Some may call this reclusive or anti-social, but I spent the whole weekend alone reading. It was marvellous! I have not felt this recharged in a long time.
First devoured was The Silent Wife by A.S.A. Harrison:
Todd Gilbert and Jodi Brett are in a bad place in their relationship. They’ve been together for twenty-eight years, and with no children to worry about there has been little to disrupt their affluent Chicago lifestyle. But there has also been little to hold it together, and beneath the surface lie ever-widening cracks. HE is a committed cheater. SHE lives and breathes denial. HE exists in dual worlds. SHE likes to settle scores. HE decides to play for keeps. SHE has nothing left to lose. When it becomes clear that their precarious world could disintegrate at any moment, Jodi knows she stands to lose everything. It’s only now she will discover just how much she’s truly capable of…Synopsis from Headline.co.uk
From the synopsis I expected this to be a more chilling story – which is not always my cup of tea – however, reading the psychological analysis and the protagonist’s deconstruction of their own personalities moved the novel into an area I found fascinating. I have read many thrillers where women cling to their lives as they disintegrate around them, but in this novel Jodie’s actions become completely understandable; you understand why she thinks and acts as she does (and so does she.) This layer of psychoanalysis that runs through The Silent Wife, adds depth and brings the novel to life, allowing further understanding of these people than you initially realise. There is a history to Jodie and Todd, our protagonists, reaching right back into childhood; ignored psychological issues that are enacted in their current circumstance.
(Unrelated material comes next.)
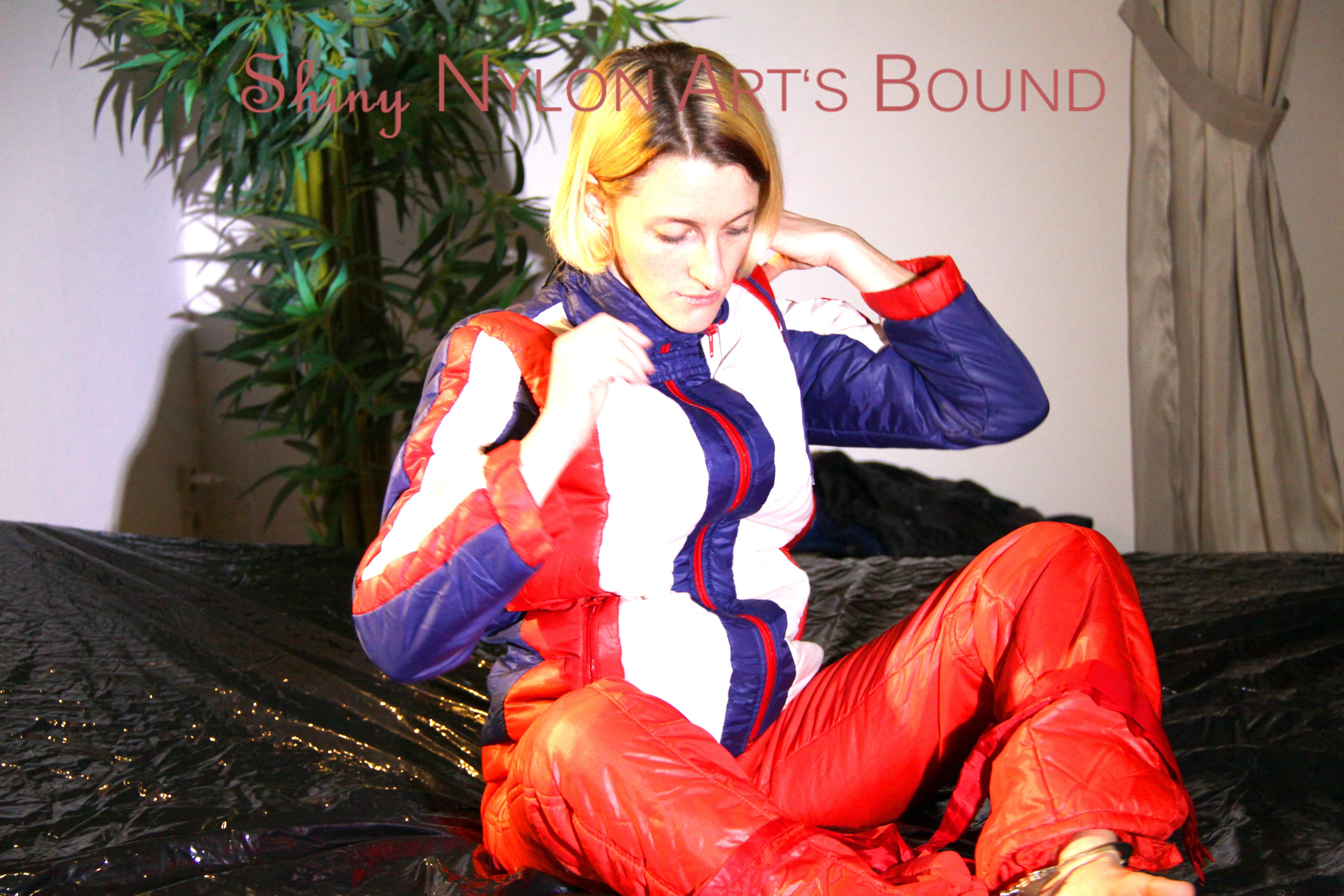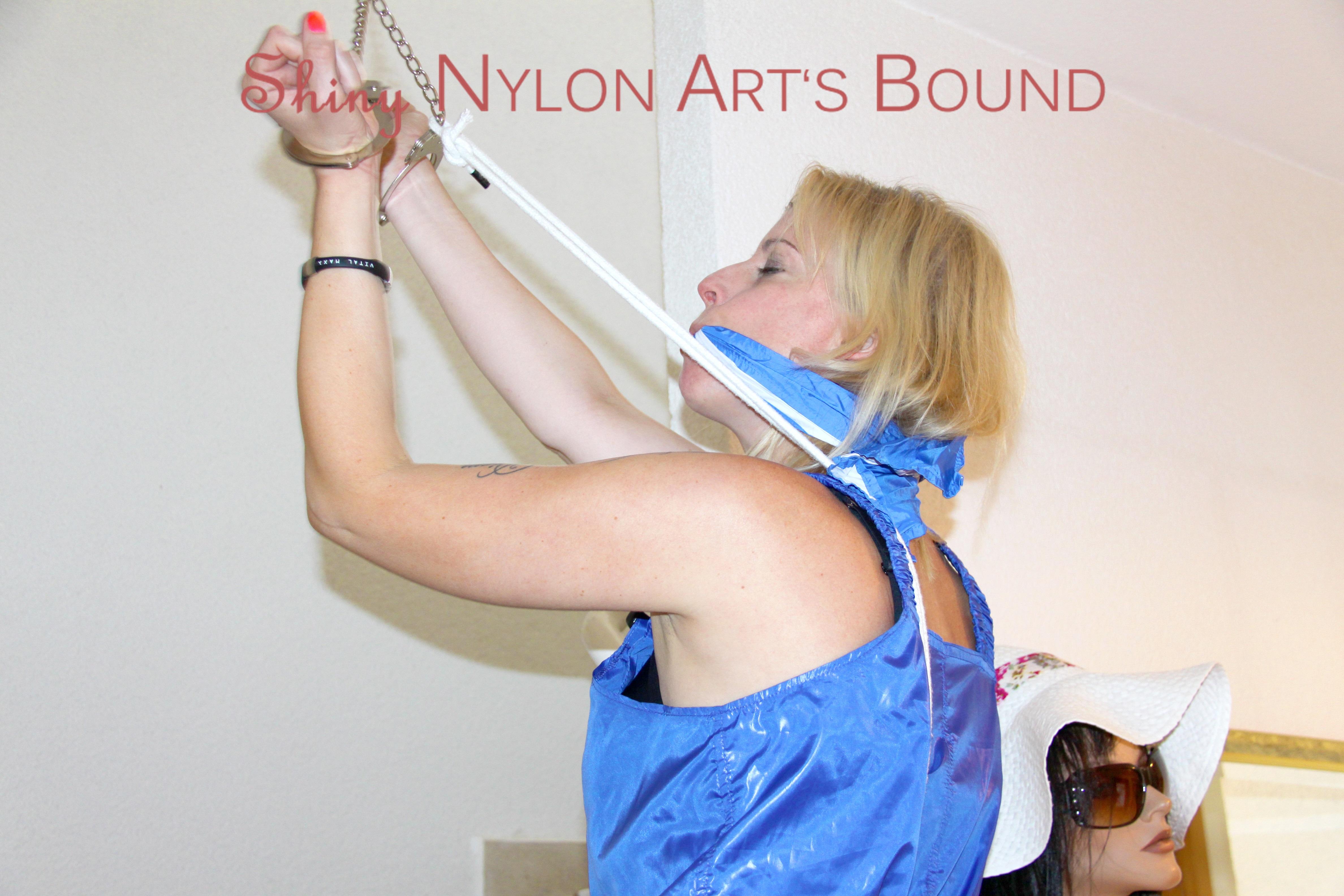 Sonja tied, gagged and hooded with a spreader bar on bed wearing a supersexy pink shiny nylon rainwear (Video)

Jodie has drifted along the surface of her life, never daring to dive in deep and properly deal with her problems. She has a simple, yet contented, common law marriage with Todd, a serial cheater. She knows he cheats and he knows she knows, but as long as the affairs are fleeting, neither disturbs their equilibrium. Reading Jodie break down the pattern of her actions feels very familiar, she is very self-aware but does nothing about it.
Worryingly, I began the novel siding with Todd; however, I snapped out of this mind-set pretty quickly. In refusing to accept or deal with his issues, which manifested themselves in his cheating, all my sympathy was is lost. In addition, it initially felt easy to dislike Natasha, the naïve girl who traps Todd with pregnancy. However, I quickly realised that while annoying, Natasha is not the one to blame; Todd’s constant denial that he is in any way at fault is wonderfully infuriating. The climax of Todd’s actions was surprising and yet obvious, in a brilliant sort of way; Harrison does not call for you to solve any mysteries, that is not the point.
The Silent Wife was gripping, and had me struggling to do anything but finish it – well worth the read.
The Silent Wife is published in paperback by Headline, retailing at £6.99.